— Вы должны сниматься, — заявил он, когда увидел меня на сцене.
— Не хочу иметь с кино никаких дел.
— Ну и зря. У меня люди неделями стоят под дверью кабинета, чтобы сняться. Преступник!
Илья Николаевич оказался милым человеком, и мы подружились. Он часто приезжал в Москву — утверждать сценарии в Госкино, и обязательно заходил к нам в общежитие. Помню такой случай. Стриженов снимался на «Ленфильме» в каком-то фильме и сорвался, ушел в штопор. Киселев отстранил его от съемок и поклялся, что блокирует Олегу работу на «Ленфильме» на пять лет, чтобы одумался. Стриженов, конечно, был в ужасе, как бы сейчас сказали: впал в депрессию.
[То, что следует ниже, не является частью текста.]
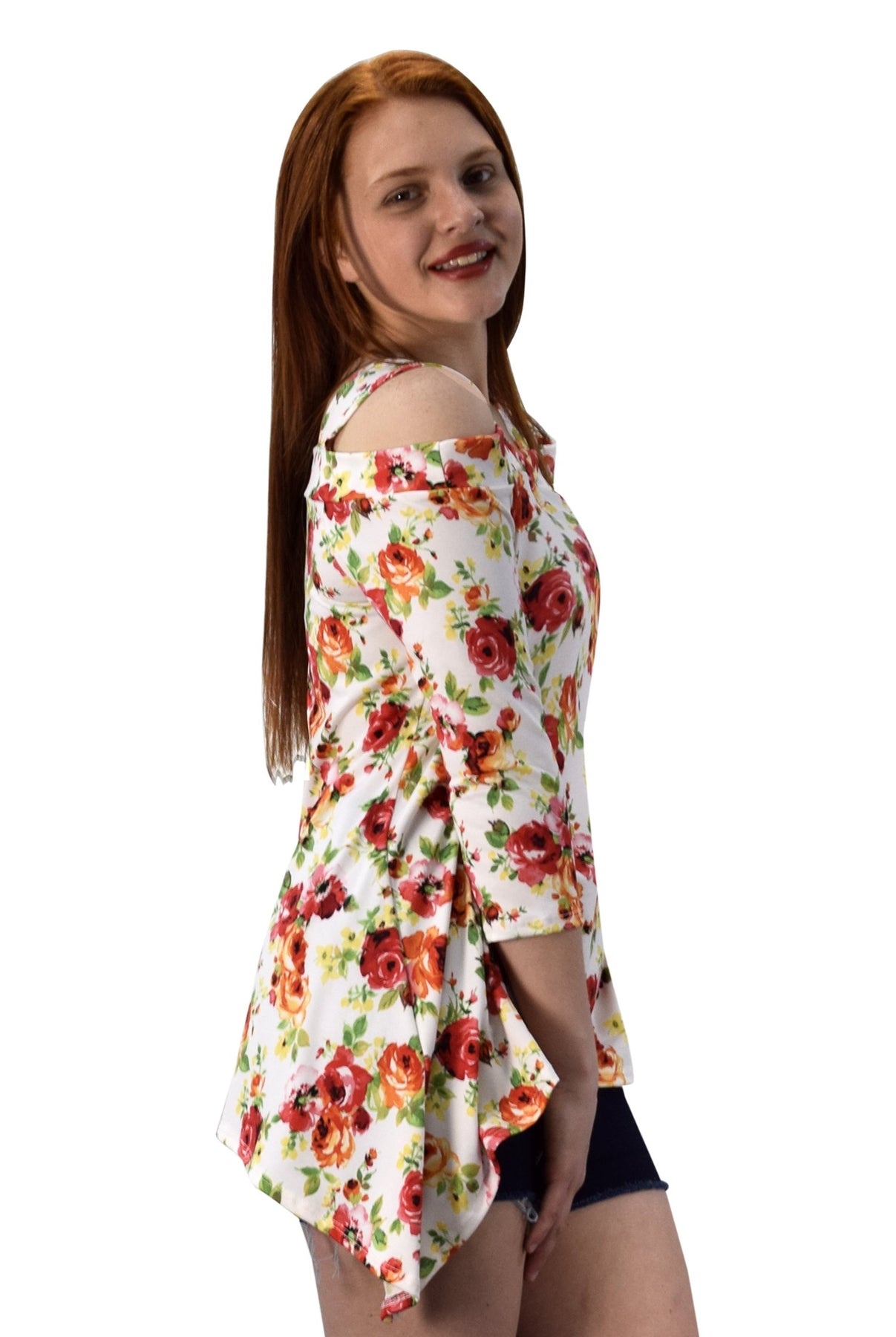Womens Cut Out Shoulder 3/4 Sleeve Loose Silhouette Top Blouse
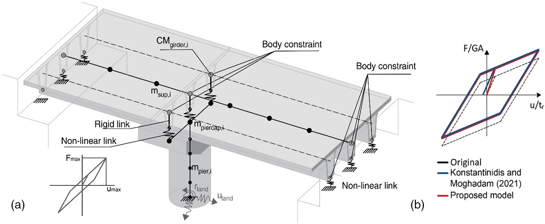 Figure 2. a) Strategy for numerical modeling; b) Proposed modification to elastomeric bearing constitutive law. F/GA represents the ratio between the horizontal force and the elastomer area and shear modulus. u/tr represents the ratio between the horizontal displacement and the rubber thickness

И вот приезжает Илья Николаевич в Москву, а я приболел, лежал с температурой. Он пришел меня навестить. Любка Земляникина накрыла для него стол, попросила:
— Замолви словечко, может, Киселев простит Олега?
— Попробую.
Когда Илья Николаевич присел у моей кровати, я спросил:
— Вы видели картину «Некрасов и Панаев у больного Белинского»?
— Видел, а что?
— Ну, там Белинскому все сочувствуют, не хотят расстраивать. Может, ради меня вы простите рыжего?
— Никогда!
— Жаль, что мы живем не в те времена, на Руси к больным по-другому относились. Олег уникальный актер, второго такого нет.
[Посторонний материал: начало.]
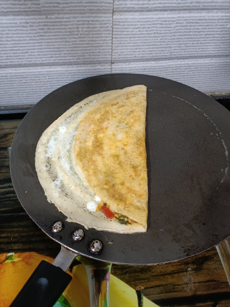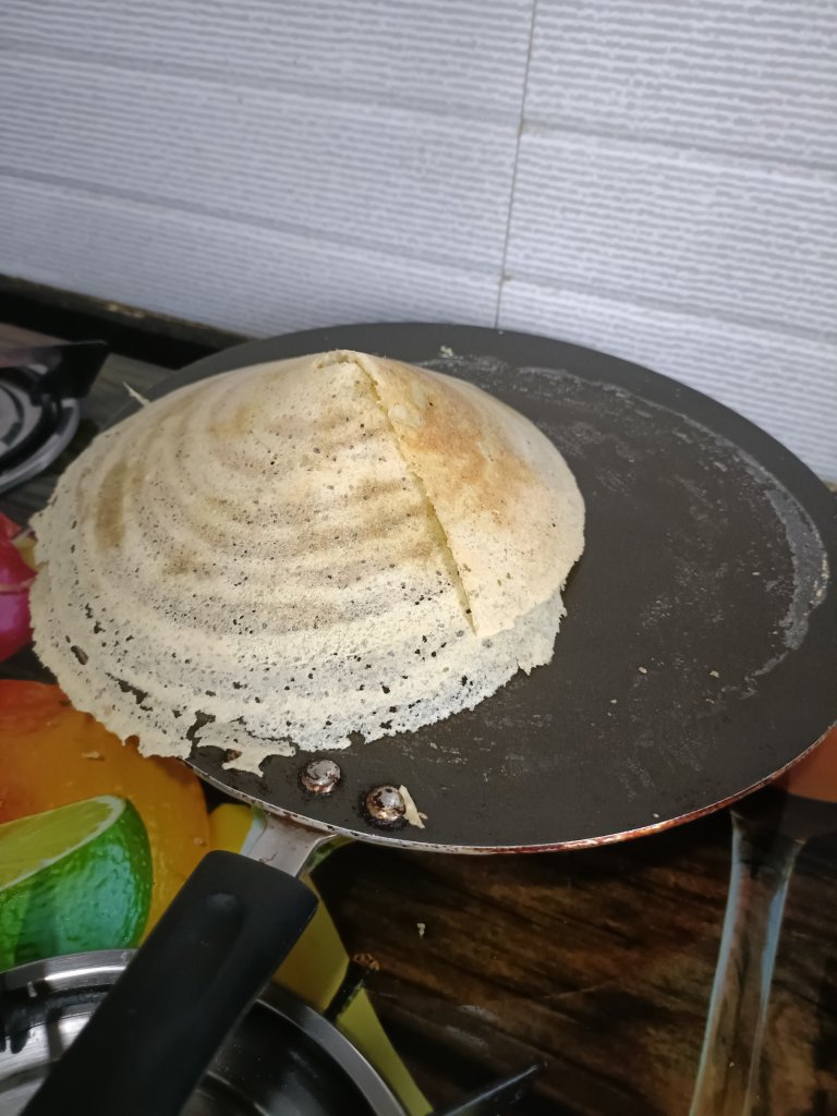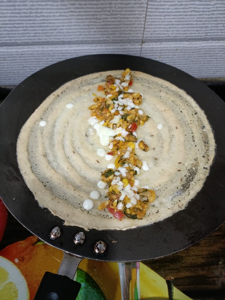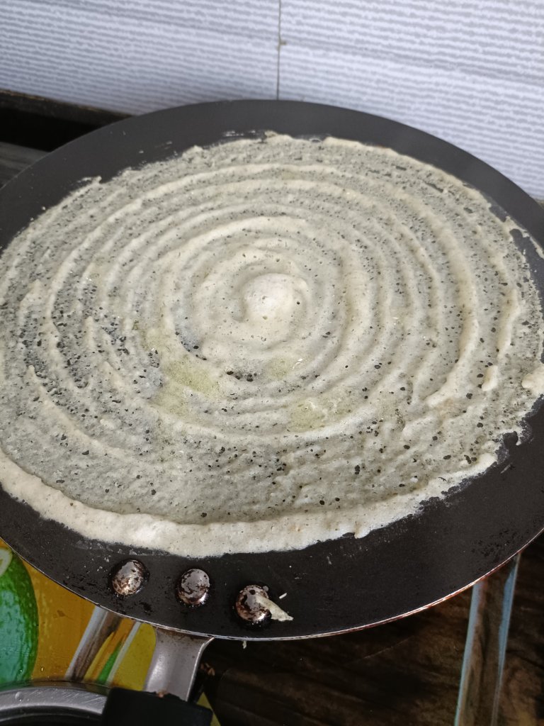 - Heat nonstick tawa and spread ⅓ cup of batter evenly in a circular manner.

— Ну ладно, где он? Скажи, пусть заходит.
Олег вполз в комнату на коленях, взывая: «Батька, прости!»
— Прощаю, мы сейчас выпьем за здоровье Севы, но без тебя.
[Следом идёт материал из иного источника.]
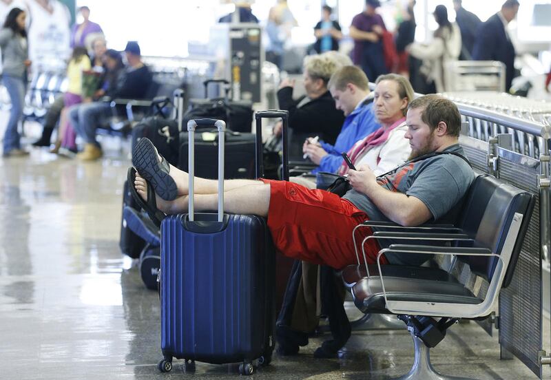 Ryelle Ericksen is also a seasoned traveler. She was sitting on several large bags at the airport waiting for her husband to arrive. Ericksen, from Utah, is a member of the Utah Army National Guard. She flew back to Utah from Nashville on Sunday after a month-and-a-half of training to have a special Thanksgiving meal with her family that night.
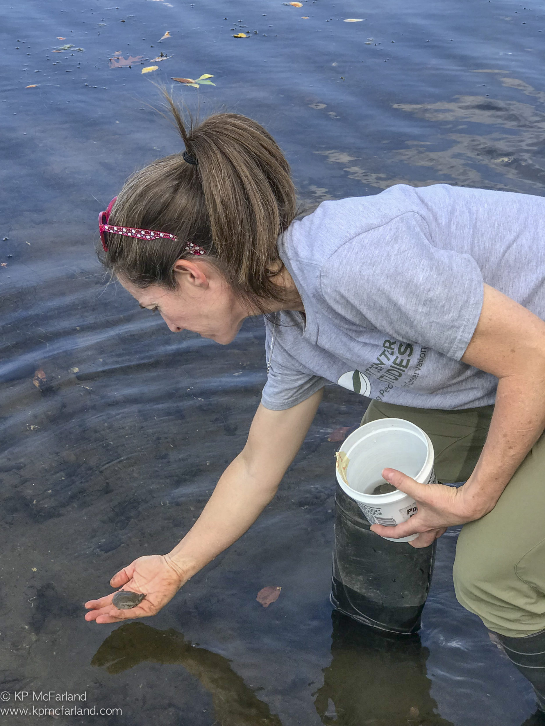 Sara examines a tiny hatchling Map Turtle that will soon be released into the lake. / © K.P. McFarland

После этого Стриженов снова начал сниматься на «Ленфильме».
Меня весьма ценил ведущий педагог Школы-студии МХАТ Василий Петрович Марков, благодаря ему я был утвержден на роль в спектакле «Хозяин». Он просто взял меня за руку и привел на репетицию к Ливанову: «Вот вам главный герой». И старики с ним согласились. Когда Марков набирал курс, он предложил мне поработать его ассистентом. Так я стал педагогом Володи Меньшова, Веры Быковой-Алентовой, Иры Мирошниченко, Андрюши Мягкова... Сам многому учился вместе с ними.
Главную роль в спектакле Виктора Карловича Монюкова «Дорога через Сокольники» играл суперпопулярный Леонид Харитонов. Он заболел, и Карлыч вызвал меня: «Севуля, три репетиции — и ты играешь за Харитонова».
Ответственность была огромной, после «Ивана Бровкина» Харитонов — кумир публики, но я справился. Вскоре Монюков — самый молодой профессор Школы-студии — предложил перейти к нему на курс: «У тебя есть тенденция к режиссуре, развивай ее». Я согласился. Шефом курса был Виктор Яковлевич Станицын. Помню, я подошел к Павлу Массальскому, одному из лучших педагогов, и попросил:
— Можно поставить с вашими студентами внеплановый спектакль?
— Сева, о чем ты говоришь? Пожалуйста.
Это была «Медея» Ануя, мы потом играли ее на многих площадках Москвы, там блистал мой ученик Саша Пашутин. Монюкову спектакль понравился: «Профессионально. Ты — сложившийся режиссер, надо деду показать». Он звал дедом Станицына.
Тот посмотрел и высказался: «Так, юное дарование, будем работать вместе и в Школе-студии, и в театре».
«На всякого мудреца довольно простоты» стал нашим совместным спектаклем на сцене МХАТа. Только наметили состав, как у Виктора Яковлевича случился обширный инфаркт. Думал, репетиции остановят, но Станицын прислал в театр письмо: «К моему возвращению из больницы мой ученик Сева Шиловский закончит работу над спектаклем. Прошу ему верить». Яншин изрек:
— Это он нас будет тренировать?
— Знаешь, Миша, если такое случится, может, ты похудеешь, — вступилась за меня Зуева.